The company’s market value after accounting for its cash and debt is about 17 times Atlassian’s expected revenue in the next 12 months. That’s the highest price since the company went public in 2015, and about three times more expensive than Google parent Alphabet Inc.

Those kinds of stratospheric cloud share prices increase the chance of a stock crash if the companies falter. We got a glimpse of that when Box Inc.’s forecast for quarterly revenue fell short of Wall Street estimates, and the shares cratered. More broadly, analysts have cautioned that above-average company valuations and a potential slowdown in global software spending later this year may lead valuation multiples to shrink.

This isn’t new territory. The high-growth, richly valued cloud software firms tend to swing in value more drastically than older, slower-growth companies. It happened in early 2014, in early 2016 and again last fall.

And most of the time they come back stronger than ever. Or a stock swoon will compel some companies to sell themselves.
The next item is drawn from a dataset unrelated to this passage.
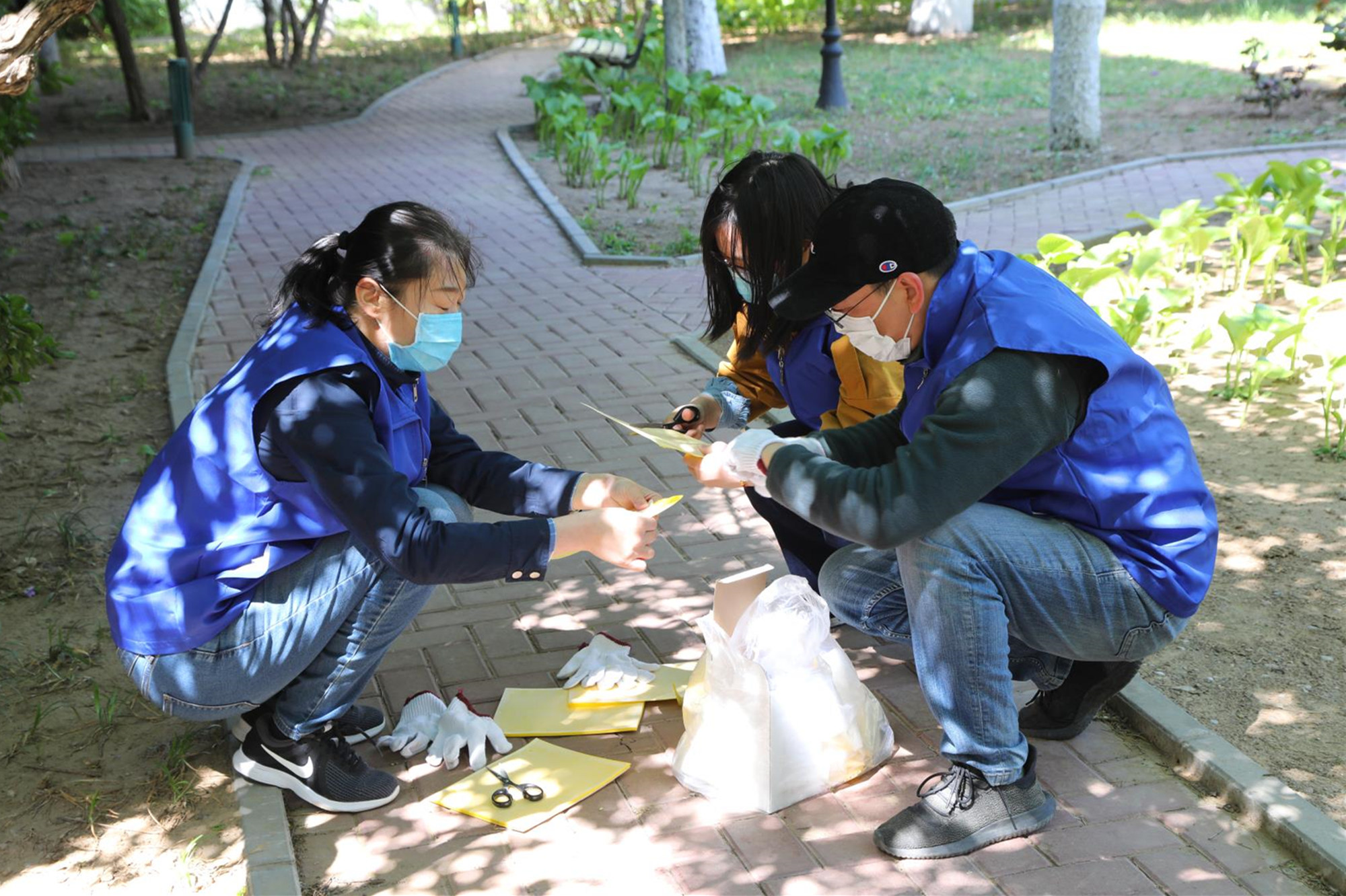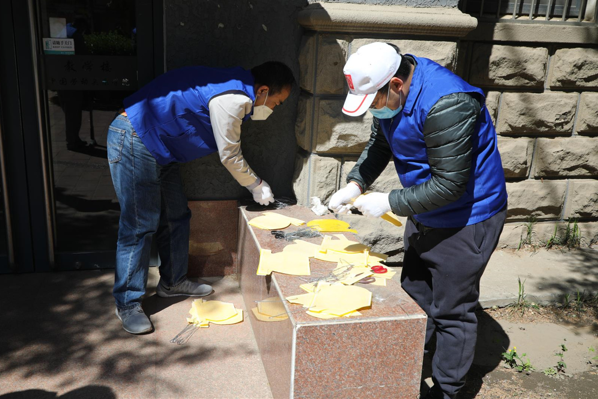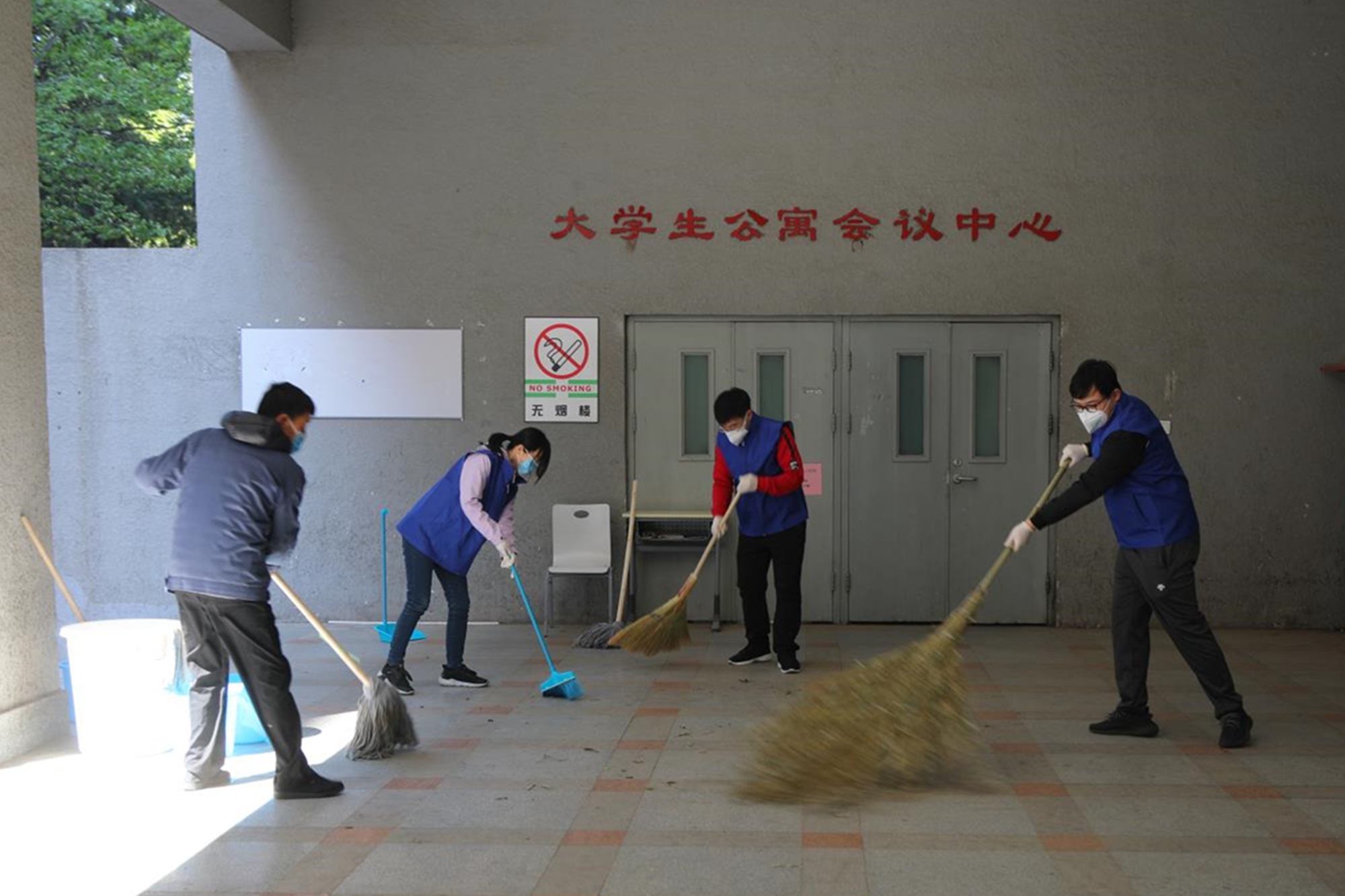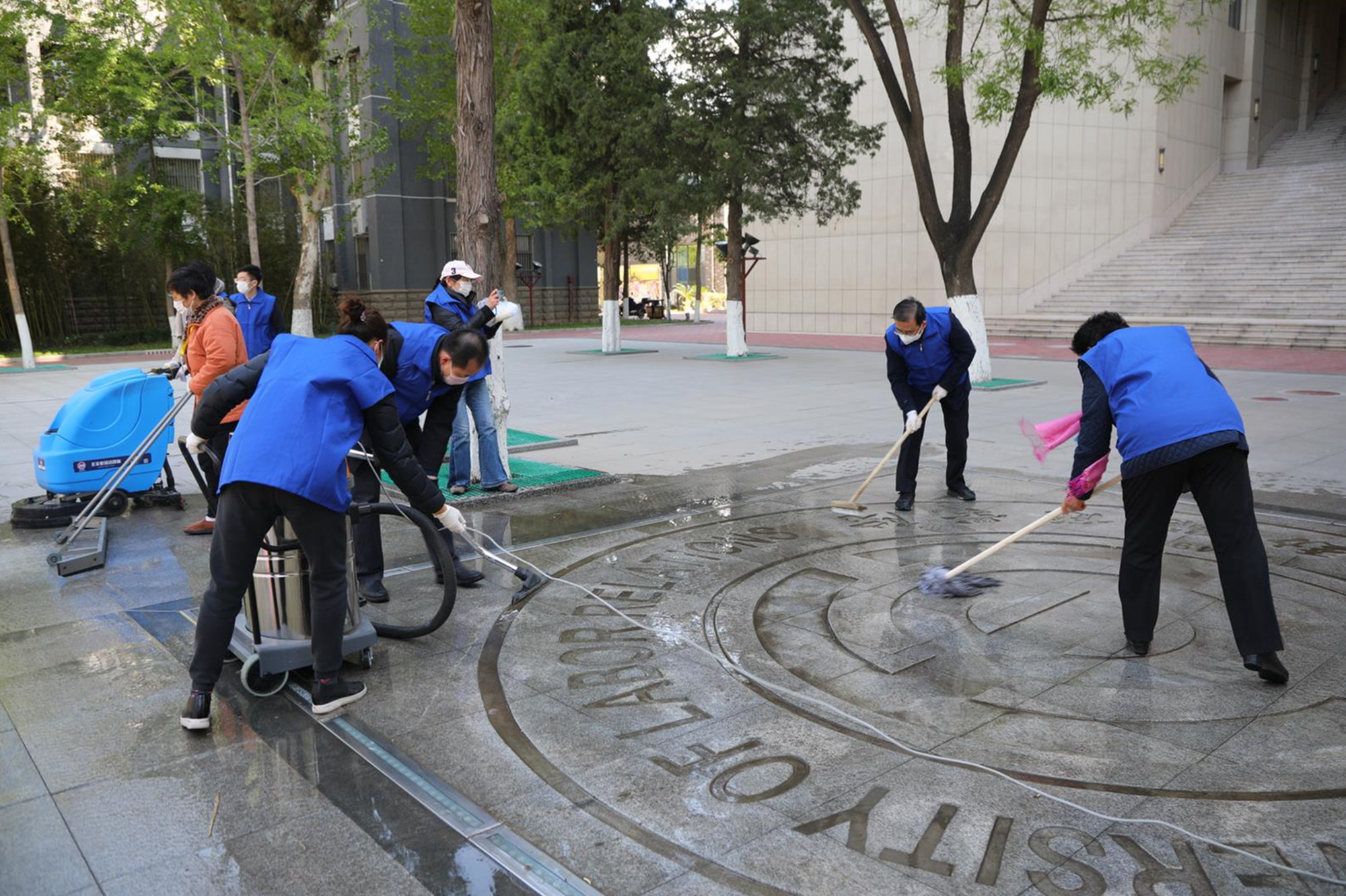 此次活动分设6个不同区域的卫生清洁及环境改善任务,参与人员做好个人防护后,有序领取劳动工具,按照任务分工,来到各自场地,投入劳动。有的擦拭雕像栅栏、有的清扫地面、有的清洁橱窗、有的为灌木挂上粘蚊板、有的清运垃圾……校园里一派热火朝天的劳动景象。活动中,大家各司其职、身体力行,发扬不怕脏、不怕累的劳动精神,为创造更加优美整洁的校园环境出一份力,充分体会到劳动的快乐和成就感。

The share price of human resources software company Workday, for example, fell 40 per cent in the early 2014 downturn for highflying young companies, again lost 40 per cent of its value in the 2016 hiccup and more than 20 per cent in about six weeks last fall. Its share price hit a record high on February 27, and it is seven times the price at which Workday went public in 2012. (Facebook is four times its 2012 IPO share price.)

The increasing cost of cloud software firms will not and should not prompt the hand-wringing that accompanied the FAANGs dominating the stock market. Cloud software firms are relative specks compared with the tech superstars. That doesn’t mean, however, that there won’t be pain if and when they fall from the stratosphere.